:: EXERCISE INSTRUCTIONS ::
Return a faithful copy of all the entries, omitting the images.

=== SUPPLIED DATA ===

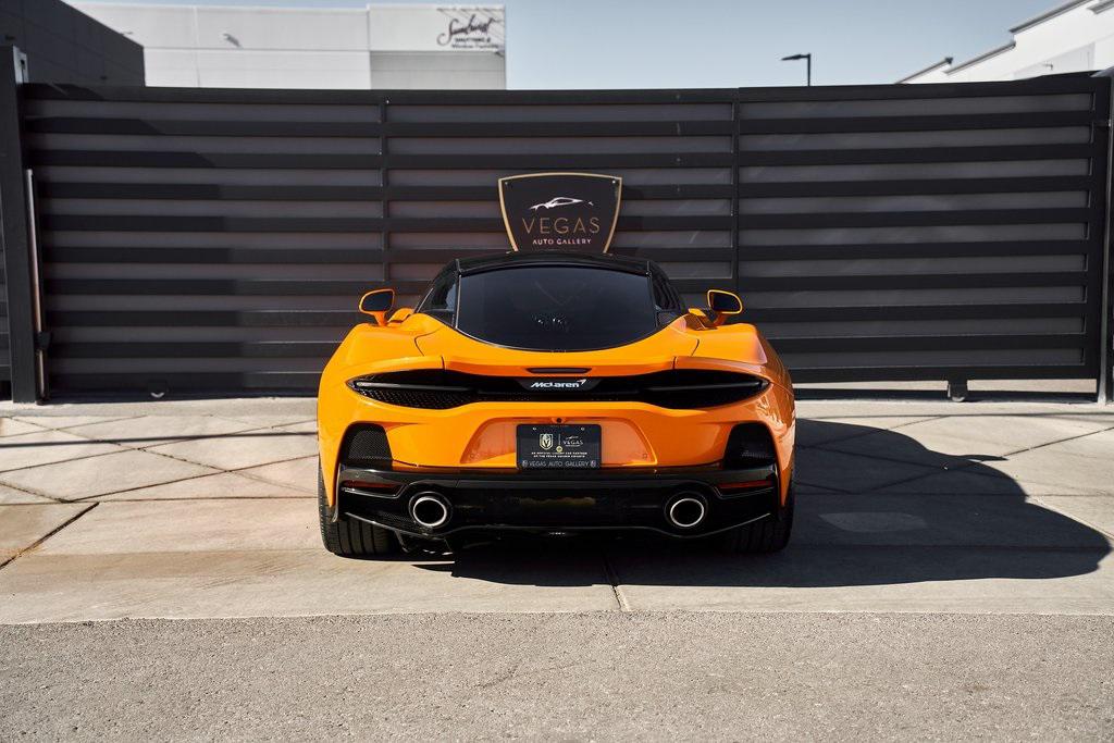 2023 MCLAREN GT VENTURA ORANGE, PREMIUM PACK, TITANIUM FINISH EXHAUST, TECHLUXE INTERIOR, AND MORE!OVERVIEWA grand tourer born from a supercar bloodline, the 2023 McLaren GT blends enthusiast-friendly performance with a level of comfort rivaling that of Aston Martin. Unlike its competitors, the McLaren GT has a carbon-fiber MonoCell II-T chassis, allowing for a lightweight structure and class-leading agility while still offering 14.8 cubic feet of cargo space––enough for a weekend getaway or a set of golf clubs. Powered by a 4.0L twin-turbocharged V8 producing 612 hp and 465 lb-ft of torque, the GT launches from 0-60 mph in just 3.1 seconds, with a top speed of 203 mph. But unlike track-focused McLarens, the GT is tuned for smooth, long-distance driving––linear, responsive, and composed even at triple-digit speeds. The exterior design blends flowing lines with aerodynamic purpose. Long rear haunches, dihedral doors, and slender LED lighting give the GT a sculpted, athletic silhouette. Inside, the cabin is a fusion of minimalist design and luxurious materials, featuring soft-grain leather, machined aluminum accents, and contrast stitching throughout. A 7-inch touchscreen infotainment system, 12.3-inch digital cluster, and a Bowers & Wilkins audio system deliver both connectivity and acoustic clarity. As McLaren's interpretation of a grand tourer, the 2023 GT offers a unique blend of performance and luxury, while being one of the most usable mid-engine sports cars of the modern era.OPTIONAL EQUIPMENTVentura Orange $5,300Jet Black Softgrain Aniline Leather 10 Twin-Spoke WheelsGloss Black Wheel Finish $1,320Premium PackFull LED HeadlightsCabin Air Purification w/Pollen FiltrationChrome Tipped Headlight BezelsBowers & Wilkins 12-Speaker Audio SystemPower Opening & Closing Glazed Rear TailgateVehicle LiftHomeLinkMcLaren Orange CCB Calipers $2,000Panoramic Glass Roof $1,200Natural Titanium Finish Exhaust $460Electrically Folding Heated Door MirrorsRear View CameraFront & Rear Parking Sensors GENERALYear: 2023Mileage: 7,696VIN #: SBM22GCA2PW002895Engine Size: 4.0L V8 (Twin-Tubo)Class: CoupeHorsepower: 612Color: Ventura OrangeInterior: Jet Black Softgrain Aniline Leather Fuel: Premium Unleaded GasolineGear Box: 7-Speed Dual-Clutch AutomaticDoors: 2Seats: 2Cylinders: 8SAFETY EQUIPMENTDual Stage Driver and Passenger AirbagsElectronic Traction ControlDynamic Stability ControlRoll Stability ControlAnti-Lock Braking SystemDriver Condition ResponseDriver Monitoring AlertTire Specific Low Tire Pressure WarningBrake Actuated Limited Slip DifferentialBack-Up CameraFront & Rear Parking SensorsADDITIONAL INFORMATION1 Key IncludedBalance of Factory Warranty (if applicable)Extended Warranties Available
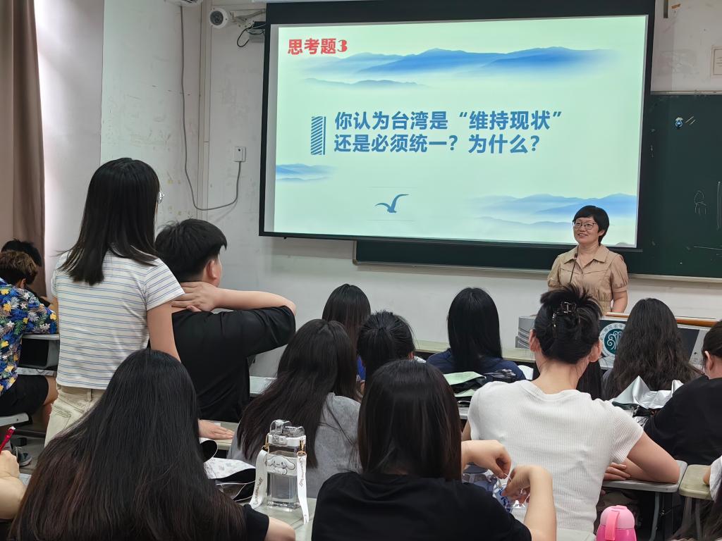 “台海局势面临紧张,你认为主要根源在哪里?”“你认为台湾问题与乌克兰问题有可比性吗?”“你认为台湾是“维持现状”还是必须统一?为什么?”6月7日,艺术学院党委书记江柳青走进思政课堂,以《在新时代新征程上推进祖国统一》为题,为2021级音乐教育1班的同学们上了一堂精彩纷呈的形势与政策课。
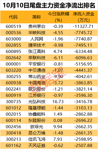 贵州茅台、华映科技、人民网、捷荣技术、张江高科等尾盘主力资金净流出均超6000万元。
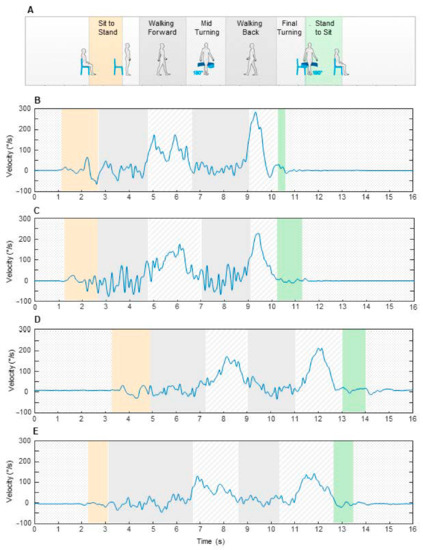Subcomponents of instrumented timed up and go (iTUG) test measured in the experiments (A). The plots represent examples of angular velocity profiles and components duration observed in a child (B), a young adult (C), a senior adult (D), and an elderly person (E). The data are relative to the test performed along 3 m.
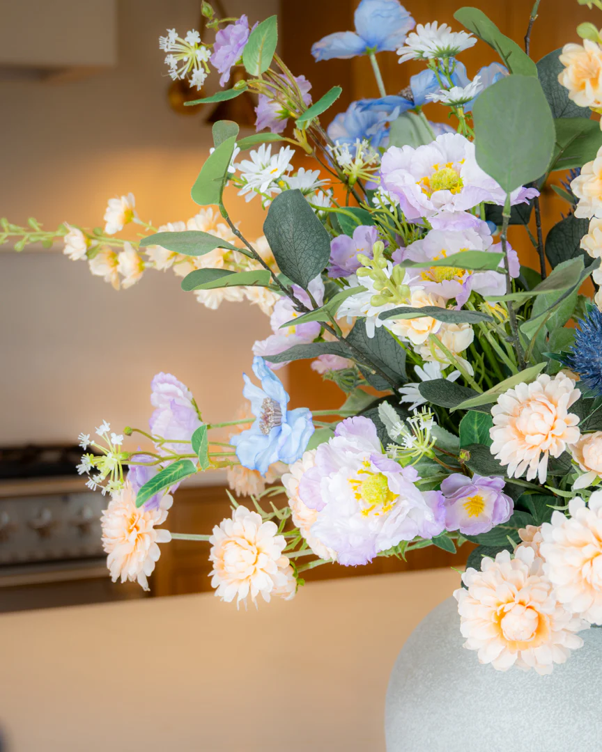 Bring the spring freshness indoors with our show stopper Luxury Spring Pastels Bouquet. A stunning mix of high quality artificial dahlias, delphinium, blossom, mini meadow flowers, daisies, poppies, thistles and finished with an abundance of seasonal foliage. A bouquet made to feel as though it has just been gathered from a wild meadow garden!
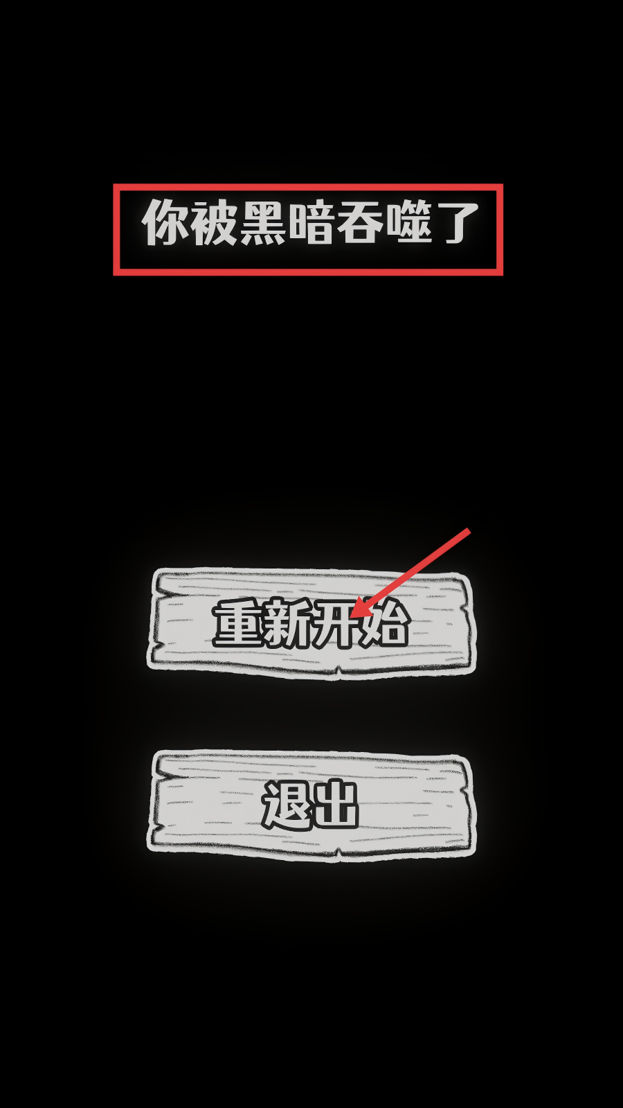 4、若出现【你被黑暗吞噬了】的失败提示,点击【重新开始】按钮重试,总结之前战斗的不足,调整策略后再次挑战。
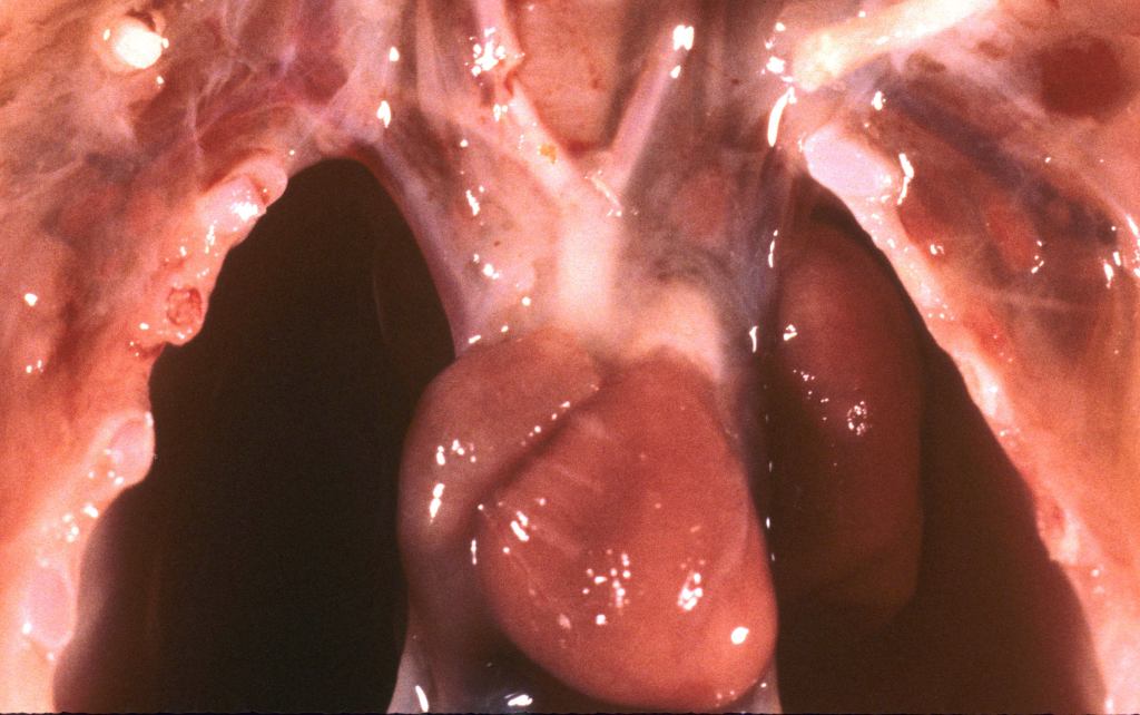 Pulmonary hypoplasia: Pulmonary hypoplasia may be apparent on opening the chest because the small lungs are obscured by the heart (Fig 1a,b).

===

:: EXERCISE OUTPUT ::
 2023 MCLAREN GT VENTURA ORANGE, PREMIUM PACK, TITANIUM FINISH EXHAUST, TECHLUXE INTERIOR, AND MORE!OVERVIEWA grand tourer born from a supercar bloodline, the 2023 McLaren GT blends enthusiast-friendly performance with a level of comfort rivaling that of Aston Martin. Unlike its competitors, the McLaren GT has a carbon-fiber MonoCell II-T chassis, allowing for a lightweight structure and class-leading agility while still offering 14.8 cubic feet of cargo space––enough for a weekend getaway or a set of golf clubs. Powered by a 4.0L twin-turbocharged V8 producing 612 hp and 465 lb-ft of torque, the GT launches from 0-60 mph in just 3.1 seconds, with a top speed of 203 mph. But unlike track-focused McLarens, the GT is tuned for smooth, long-distance driving––linear, responsive, and composed even at triple-digit speeds. The exterior design blends flowing lines with aerodynamic purpose. Long rear haunches, dihedral doors, and slender LED lighting give the GT a sculpted, athletic silhouette. Inside, the cabin is a fusion of minimalist design and luxurious materials, featuring soft-grain leather, machined aluminum accents, and contrast stitching throughout. A 7-inch touchscreen infotainment system, 12.3-inch digital cluster, and a Bowers & Wilkins audio system deliver both connectivity and acoustic clarity. As McLaren's interpretation of a grand tourer, the 2023 GT offers a unique blend of performance and luxury, while being one of the most usable mid-engine sports cars of the modern era.OPTIONAL EQUIPMENTVentura Orange $5,300Jet Black Softgrain Aniline Leather 10 Twin-Spoke WheelsGloss Black Wheel Finish $1,320Premium PackFull LED HeadlightsCabin Air Purification w/Pollen FiltrationChrome Tipped Headlight BezelsBowers & Wilkins 12-Speaker Audio SystemPower Opening & Closing Glazed Rear TailgateVehicle LiftHomeLinkMcLaren Orange CCB Calipers $2,000Panoramic Glass Roof $1,200Natural Titanium Finish Exhaust $460Electrically Folding Heated Door MirrorsRear View CameraFront & Rear Parking Sensors GENERALYear: 2023Mileage: 7,696VIN #: SBM22GCA2PW002895Engine Size: 4.0L V8 (Twin-Tubo)Class: CoupeHorsepower: 612Color: Ventura OrangeInterior: Jet Black Softgrain Aniline Leather Fuel: Premium Unleaded GasolineGear Box: 7-Speed Dual-Clutch AutomaticDoors: 2Seats: 2Cylinders: 8SAFETY EQUIPMENTDual Stage Driver and Passenger AirbagsElectronic Traction ControlDynamic Stability ControlRoll Stability ControlAnti-Lock Braking SystemDriver Condition ResponseDriver Monitoring AlertTire Specific Low Tire Pressure WarningBrake Actuated Limited Slip DifferentialBack-Up CameraFront & Rear Parking SensorsADDITIONAL INFORMATION1 Key IncludedBalance of Factory Warranty (if applicable)Extended Warranties Available
 “台海局势面临紧张,你认为主要根源在哪里?”“你认为台湾问题与乌克兰问题有可比性吗?”“你认为台湾是“维持现状”还是必须统一?为什么?”6月7日,艺术学院党委书记江柳青走进思政课堂,以《在新时代新征程上推进祖国统一》为题,为2021级音乐教育1班的同学们上了一堂精彩纷呈的形势与政策课。
 贵州茅台、华映科技、人民网、捷荣技术、张江高科等尾盘主力资金净流出均超6000万元。
Subcomponents of instrumented timed up and go (iTUG) test measured in the experiments (A). The plots represent examples of angular velocity profiles and components duration observed in a child (B), a young adult (C), a senior adult (D), and an elderly person (E). The data are relative to the test performed along 3 m.
 Bring the spring freshness indoors with our show stopper Luxury Spring Pastels Bouquet. A stunning mix of high quality artificial dahlias, delphinium, blossom, mini meadow flowers, daisies, poppies, thistles and finished with an abundance of seasonal foliage. A bouquet made to feel as though it has just been gathered from a wild meadow garden!
 4、若出现【你被黑暗吞噬了】的失败提示,点击【重新开始】按钮重试,总结之前战斗的不足,调整策略后再次挑战。
 Pulmonary hypoplasia: Pulmonary hypoplasia may be apparent on opening the chest because the small lungs are obscured by the heart (Fig 1a,b).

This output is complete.